If you're interested to build a system or product built on UNO with me, get in touch!

> Next stop, making UWP crossplatform :))

they do not need. they have xaml over xamarin.forms, which supports all major platforms (including desktopn and mobile) it still says that its in preview however the only things that did not work well is when you need some kind of file interaction with the os, you need to create native views for all your OSs (i.e. NSFilePicker, OpenFileDialog, etc..) since there is no Xamarin.Forms widget for that. besides that it is already really mature.

Xamarin.Forms has to manage a lot of friction interfacing with the native UI controls.
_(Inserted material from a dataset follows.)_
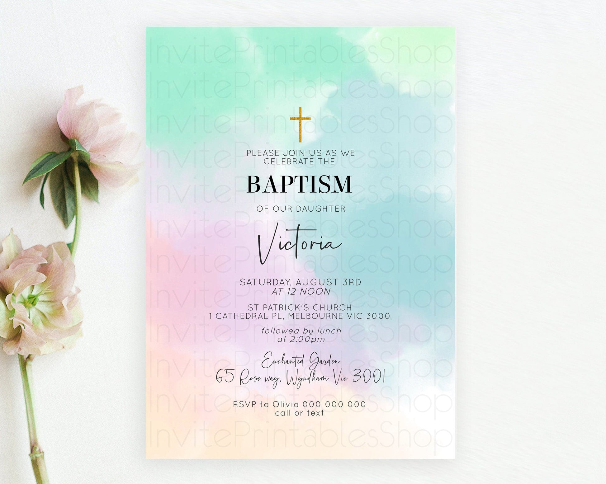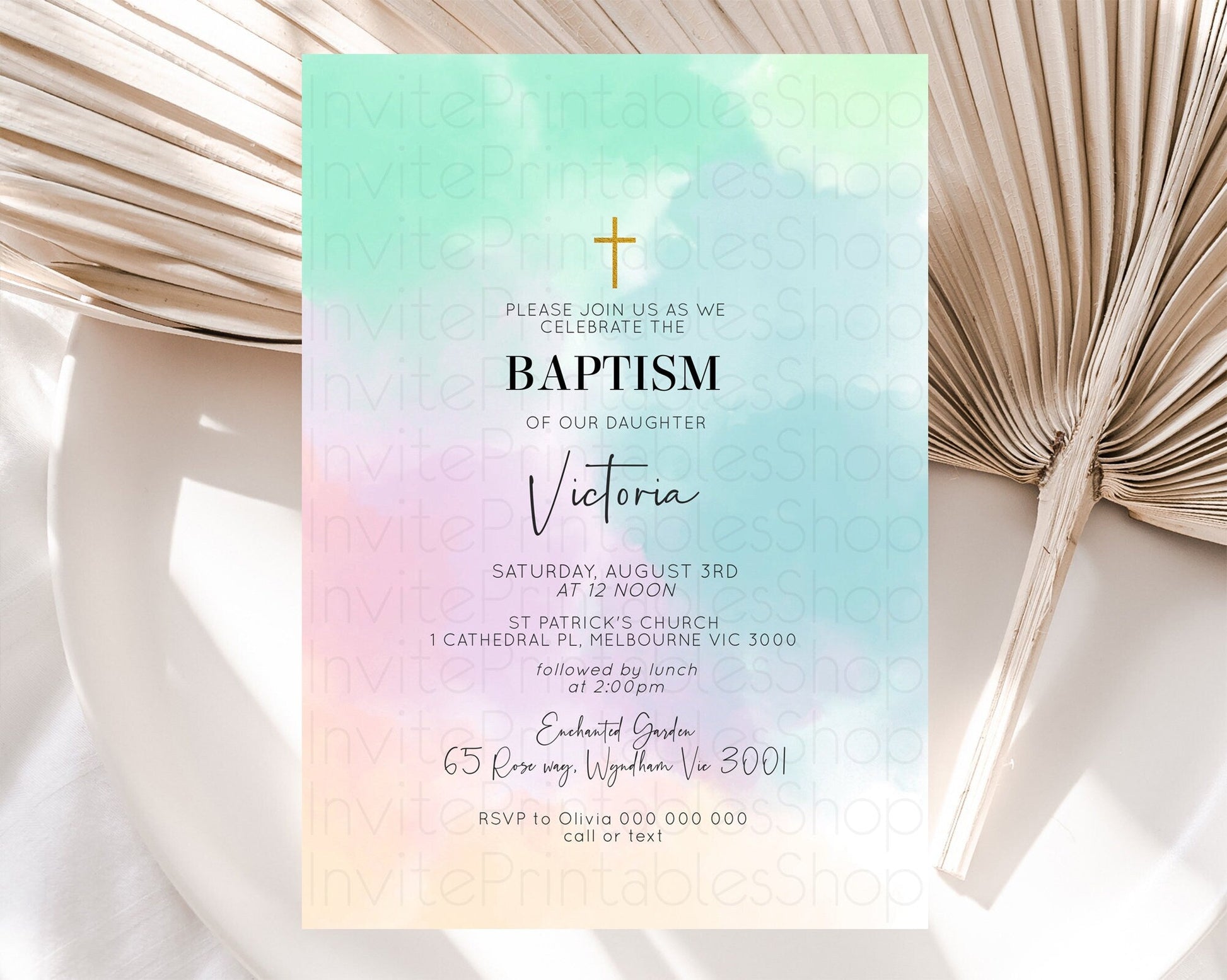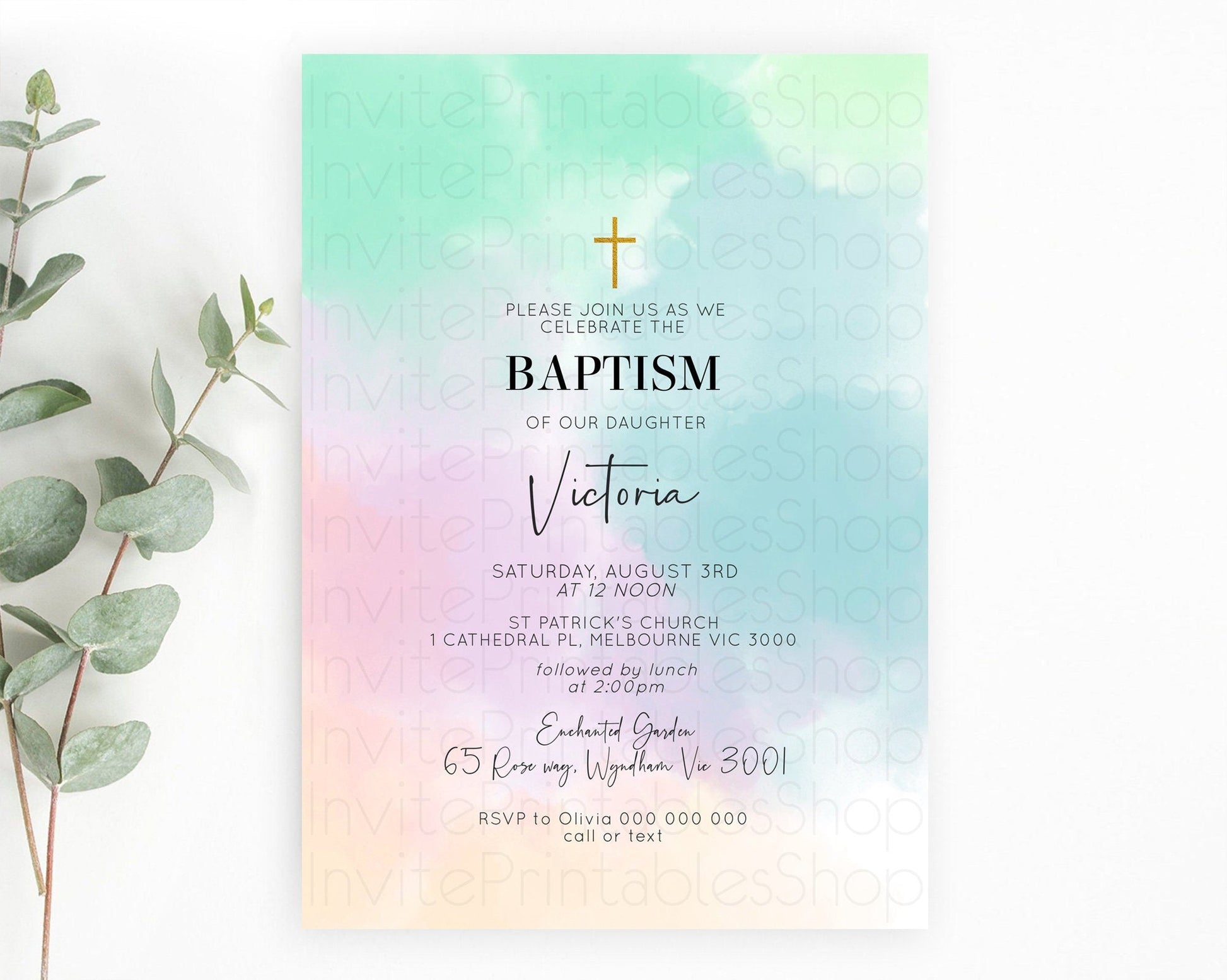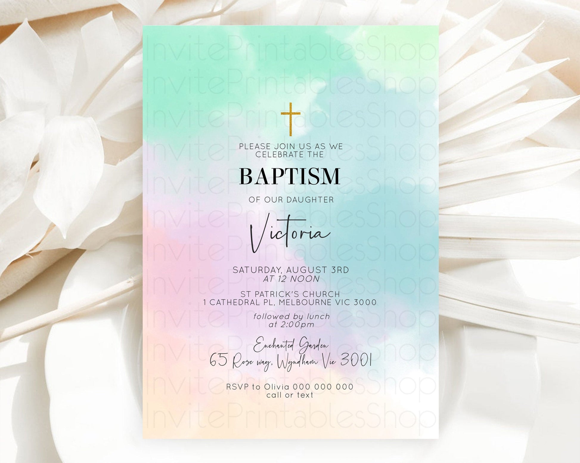 Pastel Baptism Invitation Pastel Colors Watercolor Baptism 1st Birthday Party Gold Ombre Pastel Rainbow Christening Holy Communion D10375

It's both an advantage and a disadvantage to it's approach. It has to conform to the common denominator of the native platforms, but gets to leverage the native look and feel. But this seems much harder to maintain long term. It would actually make sense if they created a XAML platform (like cross-platform UWP) that used its own rendering stack (similar to Flutter's approach) that wasn't beholden to the design decisions of an externally developed platform and having to reconcile the differences between different platform paradigms.